= Beginning of Section =
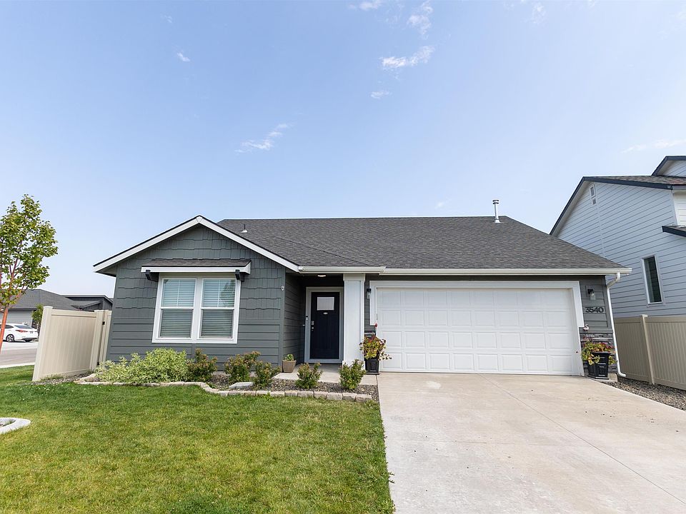 Welcome to this nearly new, single-story gem, built in 2022 and nestled in a tranquil South Meridian neighborhood. Perfect for a new family, this inviting home features 3 bedrooms and 2 bathrooms, with a thoughtfully designed open concept layout that seamlessly connects the kitchen and living room. The primary suite is a standout with its dual vanity sinks and a walk-in closet, offering a touch of luxury and convenience. With plenty of storage throughout the home, you'll have space for all your needs. The beautifully landscaped backyard provides a serene outdoor retreat, ideal for relaxing or entertaining. Located off Ten Mile Road, this home enjoys the peace of a quaint neighborhood surrounded by quiet farmland, while still being just a quick 10-minute drive to I-84, ensuring easy access to all the amenities and conveniences of the city. Save $$ on your electrical bill with built in solar.
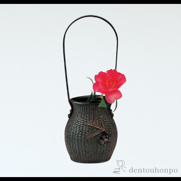 「送料無料」 銅製花瓶 変形網代 ( 木札名入れ有料 退職祝い 定年 花瓶 フラワーベース 花器 仏間 おすすめ 高岡銅器 周年 創立 上場 )
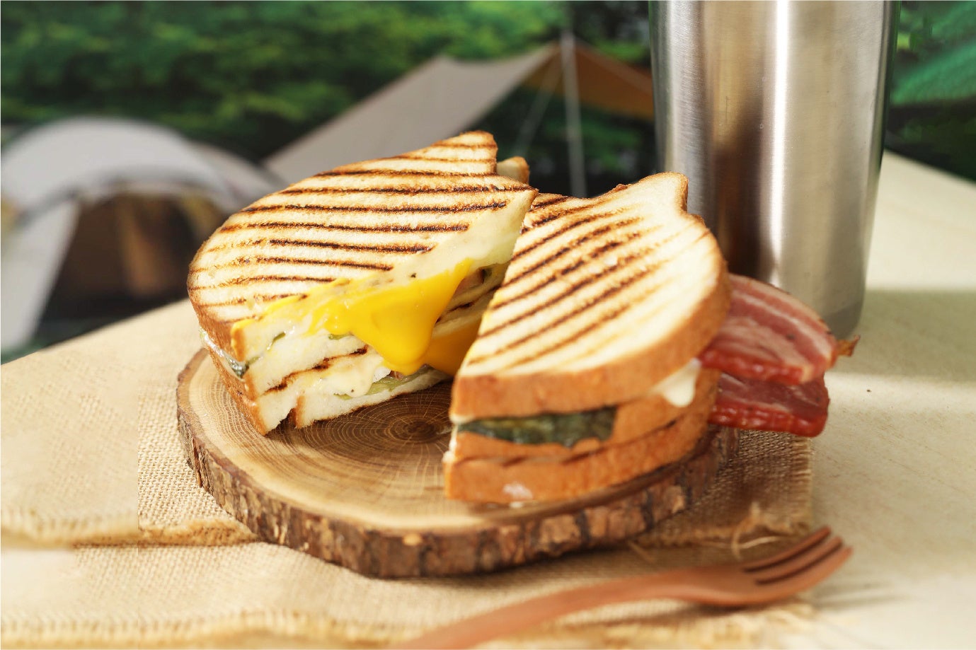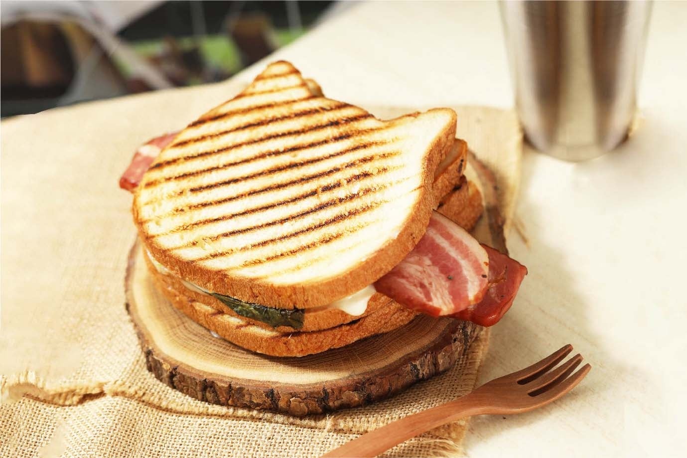 キャンプの朝食の定番“ホットサンド”が作りやすいように、「ねこねこ食パン」は薄くスライスした状態でお届けします。ぜひお好きな具材を挟んでお召し上がりください。
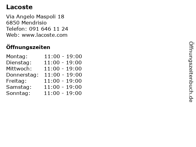 | Öffnungszeiten Lacoste in Mendrisio anzeigen | |
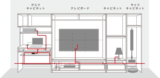収納内部に配線経路を確保することで、テレビやデスク周りをすっきり整理でき、見た目を美しく保ちながら、使いやすさも向上します。
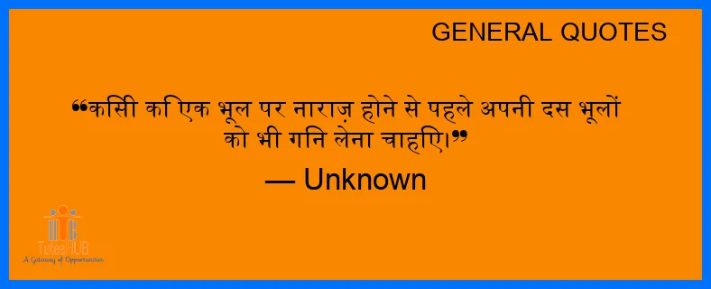 किसी कि एक भूल पर नाराज़ होने से पहले अपनी दस भूलों को भी गिन लेना चाहिए।
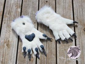 Starts at $700. Includes soft silicone pawpads, resin claws, airbrush painting, and elastic edges to ensure it stays up on your arms. Typically mid forearm length. I do not line my hands, but they are edged to prevent fraying. The fingers are double stitched and serged to prevent holes opening in these high-use areas.
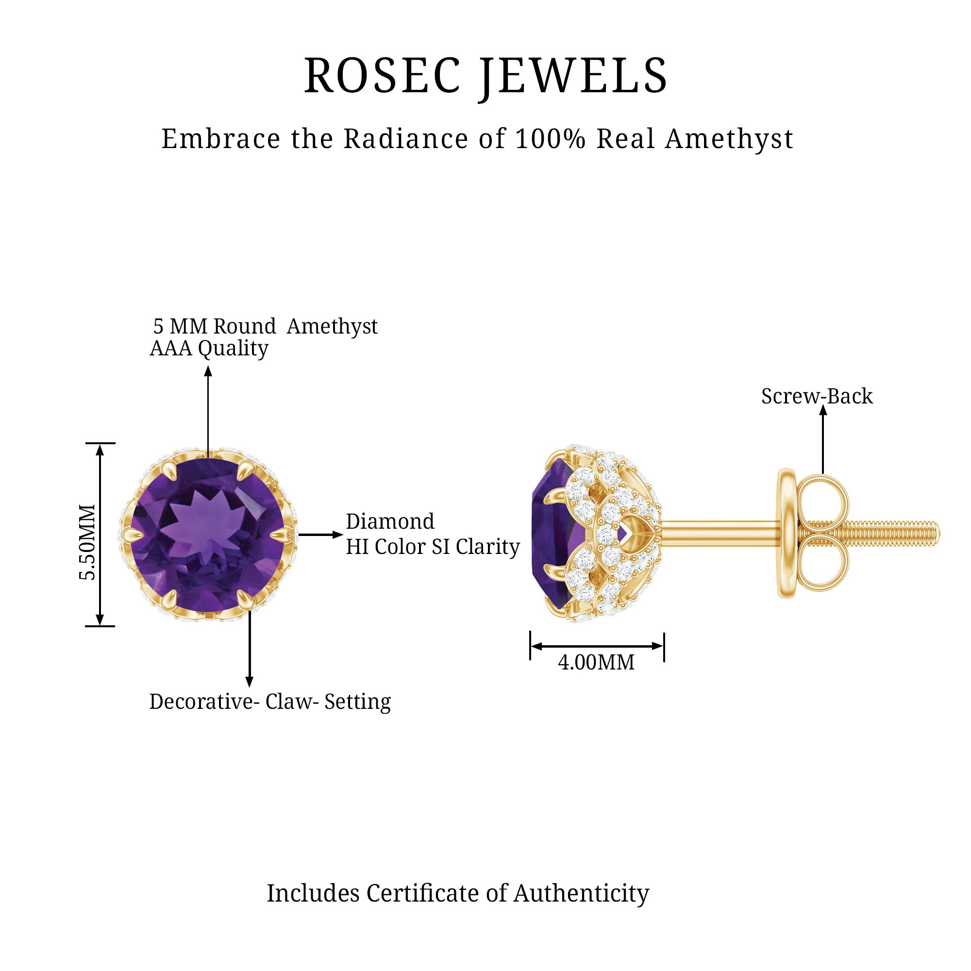 Mesmerize her by presenting these breathtaking Amethyst Stud Earrings, a perfect fusion of romance, elegance and timeless charm. These Fine Earrings feature a 5 mm Round Shape Amethyst gemstone set in 6 Claw Prong Setting, its deep violet glow symbolizing serenity, love and spiritual balance. Beneath the center stone, a delicate flower like design unfolds, intricately studded with sparkling Diamond stones that add a graceful brilliance to the piece. Finished with a secure Screw Back Closure, these Amethyst Diamond Earrings offer both luxury and comfort, making them perfect for daily wear or special occasions. Whether paired with an elegant dress or a casual ensemble, these Amethyst Ear Studs bring a touch of sophistication that enhances every style effortlessly. Presented in an elegant jewelry box, these Amethyst Studs make a heartfelt gift for anniversaries or birthdays.
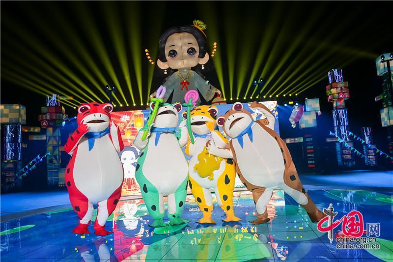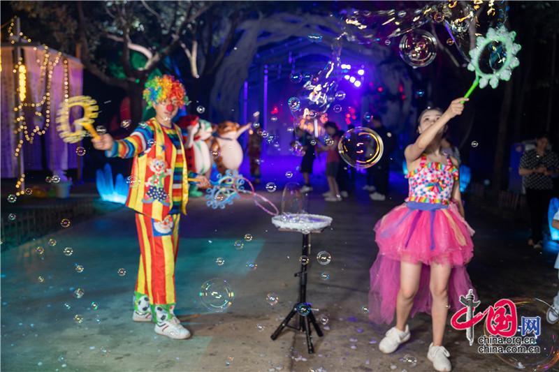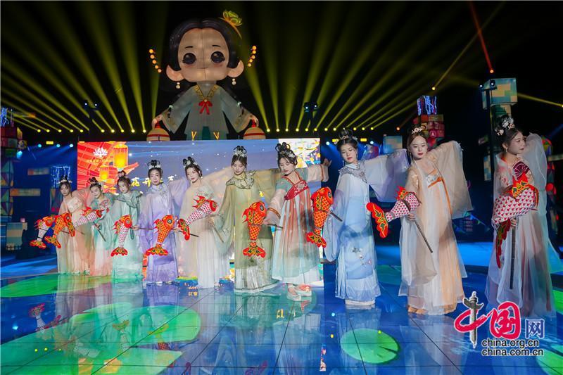 水鄉(xiāng)錦鯉,有福有喜,錦鯉飛魚秀徜徉在舞臺(tái)與燈組之間。
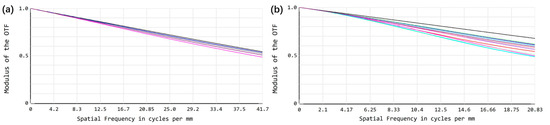 MTF plots at various FOVs for (a) the mid-infrared band and (b) the far-infrared band.
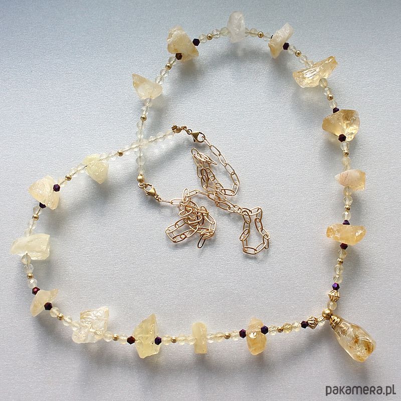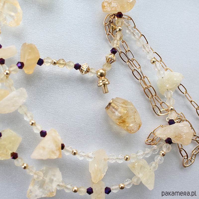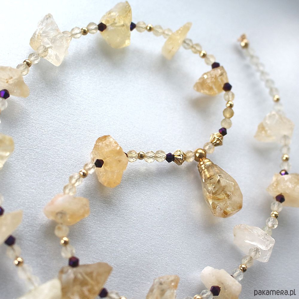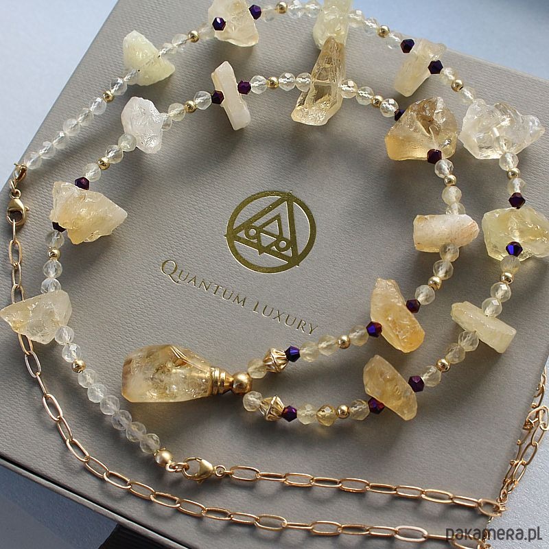 Osobisty talizman Wewnętrznej Mocy z surowych cytrynów ozdobiony flakonikiem na olejek eteryczny. Dwa zapięcia federing 8,0 mm i łańcuszek ze złota gold filled 14k + 38,0 cm. Dzięki podwójnemu zapięciu z przedłużką naszyjnik można nosić jako krótszą kolię lub dłuższy wisior.
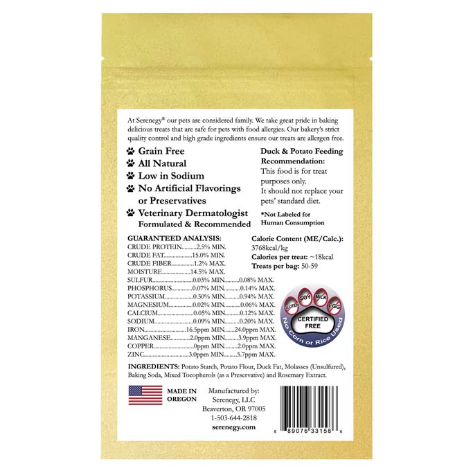 Our tasty potato, molasses and duck fat cookies are baked in the USA with only USDA and FDA approved, top quality, bakery supply ingredients. All dogs love them whether or not they have food allergies; however, Serenegy, LLC treats can be used safely with elimination/challenge diets offered by veterinarians because of our strict ingredients and baking process.
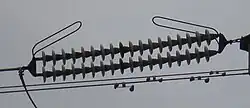 Funkenstrecken dienten früher als einfacher und sehr grober Überspannungsableiter im Bereich der Isolatoren von Freileitungen. Diese Funkenstrecken sind in Form von Hörnern an den Enden des Isolators ausgebildet und sind nicht mit den ähnlich aussehenden Koronaringen zu verwechseln. Die Hörner dienen dazu, im Fall eines Überschlages den sehr heißen Lichtbogen vom Isolator entfernt zu halten und so Schäden am Isolator zu vermeiden.
= End of Section =
▸ What to work on: All of the entries above should be copied exactly, with the images left out.

▸ Answer section:
 Welcome to this nearly new, single-story gem, built in 2022 and nestled in a tranquil South Meridian neighborhood. Perfect for a new family, this inviting home features 3 bedrooms and 2 bathrooms, with a thoughtfully designed open concept layout that seamlessly connects the kitchen and living room. The primary suite is a standout with its dual vanity sinks and a walk-in closet, offering a touch of luxury and convenience. With plenty of storage throughout the home, you'll have space for all your needs. The beautifully landscaped backyard provides a serene outdoor retreat, ideal for relaxing or entertaining. Located off Ten Mile Road, this home enjoys the peace of a quaint neighborhood surrounded by quiet farmland, while still being just a quick 10-minute drive to I-84, ensuring easy access to all the amenities and conveniences of the city. Save $$ on your electrical bill with built in solar.
 「送料無料」 銅製花瓶 変形網代 ( 木札名入れ有料 退職祝い 定年 花瓶 フラワーベース 花器 仏間 おすすめ 高岡銅器 周年 創立 上場 )
 キャンプの朝食の定番“ホットサンド”が作りやすいように、「ねこねこ食パン」は薄くスライスした状態でお届けします。ぜひお好きな具材を挟んでお召し上がりください。
 | Öffnungszeiten Lacoste in Mendrisio anzeigen | |
収納内部に配線経路を確保することで、テレビやデスク周りをすっきり整理でき、見た目を美しく保ちながら、使いやすさも向上します。
 किसी कि एक भूल पर नाराज़ होने से पहले अपनी दस भूलों को भी गिन लेना चाहिए।
 Starts at $700. Includes soft silicone pawpads, resin claws, airbrush painting, and elastic edges to ensure it stays up on your arms. Typically mid forearm length. I do not line my hands, but they are edged to prevent fraying. The fingers are double stitched and serged to prevent holes opening in these high-use areas.
 Mesmerize her by presenting these breathtaking Amethyst Stud Earrings, a perfect fusion of romance, elegance and timeless charm. These Fine Earrings feature a 5 mm Round Shape Amethyst gemstone set in 6 Claw Prong Setting, its deep violet glow symbolizing serenity, love and spiritual balance. Beneath the center stone, a delicate flower like design unfolds, intricately studded with sparkling Diamond stones that add a graceful brilliance to the piece. Finished with a secure Screw Back Closure, these Amethyst Diamond Earrings offer both luxury and comfort, making them perfect for daily wear or special occasions. Whether paired with an elegant dress or a casual ensemble, these Amethyst Ear Studs bring a touch of sophistication that enhances every style effortlessly. Presented in an elegant jewelry box, these Amethyst Studs make a heartfelt gift for anniversaries or birthdays.
 水鄉(xiāng)錦鯉,有福有喜,錦鯉飛魚秀徜徉在舞臺(tái)與燈組之間。
 MTF plots at various FOVs for (a) the mid-infrared band and (b) the far-infrared band.
 Osobisty talizman Wewnętrznej Mocy z surowych cytrynów ozdobiony flakonikiem na olejek eteryczny. Dwa zapięcia federing 8,0 mm i łańcuszek ze złota gold filled 14k + 38,0 cm. Dzięki podwójnemu zapięciu z przedłużką naszyjnik można nosić jako krótszą kolię lub dłuższy wisior.
 Our tasty potato, molasses and duck fat cookies are baked in the USA with only USDA and FDA approved, top quality, bakery supply ingredients. All dogs love them whether or not they have food allergies; however, Serenegy, LLC treats can be used safely with elimination/challenge diets offered by veterinarians because of our strict ingredients and baking process.
 Funkenstrecken dienten früher als einfacher und sehr grober Überspannungsableiter im Bereich der Isolatoren von Freileitungen. Diese Funkenstrecken sind in Form von Hörnern an den Enden des Isolators ausgebildet und sind nicht mit den ähnlich aussehenden Koronaringen zu verwechseln. Die Hörner dienen dazu, im Fall eines Überschlages den sehr heißen Lichtbogen vom Isolator entfernt zu halten und so Schäden am Isolator zu vermeiden.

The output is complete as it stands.